3. Unauthorized Email Change Request with Identity Forgery: The attacker submitted a request to change the email associated with our @ethena_labs account, providing forged company documents, and a counterfeit ID, impersonating our CEO in an attempt to bypass multi-factor authentication.

4. Verification Call: Upon receiving the notification about the email change request, we immediately contacted our account manager, confirming that we had not requested any changes and preventing any unauthorized modifications.

5. Account Security Lockdown: In coordination with X.com’s support, we implemented a strict lockdown on the account, requiring high-assurance verification for any future administrative changes.

Key Takeaways and Recommended Security Enhancements

Our response to this attempted account compromise has underscored several essential practices that can protect sensitive accounts against evolving social engineering tactics. We strongly encourage our partners and peers in the DeFi community to consider these strategies for securing high-risk accounts:

1. Recognize and Address Social Engineering Threats

Social engineering attacks are increasing in sophistication, with attackers often targeting internal contacts within platforms and service providers.
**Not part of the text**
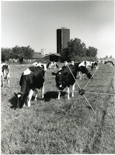 Foto in zwart-wit van koeien in een weiland afgezet ...

Recognize that even advanced security features, such as two-factor authentication (2FA), can be vulnerable if attackers use forged documents or insider knowledge to gain access. Awareness across teams of these emerging tactics is critical.

2. Establish Enhanced Verification Protocols with Account Managers

For accounts tied to critical assets, especially those on social platforms or domain registrars, it’s crucial to set strict verification requirements with your account manager. We recommend protocols like face-to-face video confirmation with the account owner before implementing any major changes, such as login or email modifications. Procedural safeguards like these add an extra layer of assurance that technical measures alone may not provide.

3. Consider Premium Support for High-Risk Accounts

For high-value accounts, premium support can be an invaluable tool. Dedicated account managers can enable additional protections, rapid response, and human-led intervention, all of which are critical in mitigating social engineering risks. Premium support benefits include:

a) Human Verification Protocols: Account managers can set up protocols for in-person or video-based identity confirmation for significant changes.

b) Emergency Lockdown Capability: Direct access to support allows for immediate account lockdowns if suspicious activity is detected.

c) Enhanced Monitoring and Escalation: Premium plans often include monitoring and rapid escalation to flag unusual activity and prevent unauthorized access.

4. Implement and Regularly Update Multi-Factor Authentication (MFA)

While social engineering may attempt to bypass MFA, it remains a foundational defense against direct login attempts. Enable multi-factor authentication on all accounts and routinely review the methods in place to meet the latest security standards.

5. Conduct Routine Security Audits

Regular security audits allow you to detect and address vulnerabilities that could be exploited in a social engineering attempt. Maintain an up-to-date list of verified contacts and account managers, and periodically review the integrity of all sensitive accounts to prevent unauthorized access.

6. Educate Team Members on Emerging Threat Tactics

Ensure that all team members are informed about social engineering risks and trained to recognize potential threats. Sharing insights from recent incidents can build a proactive security culture and reduce the risks associated with social engineering.

Conclusion

This attempted breach reinforces the need for vigilance and robust security protocols to protect critical accounts from advanced social engineering tactics. By implementing enhanced verification requirements, maintaining a strong relationship with account managers, and educating teams on emerging threat tactics, organizations in the DeFi community can safeguard against evolving cyber threats.

In our case, close communication with X.com’s support team and rapid detection measures enabled us to secure our account swiftly, avoiding any impact to our operations. We encourage our partners and peers to consider these measures as foundational security practices in safeguarding their accounts and the broader DeFi ecosystem.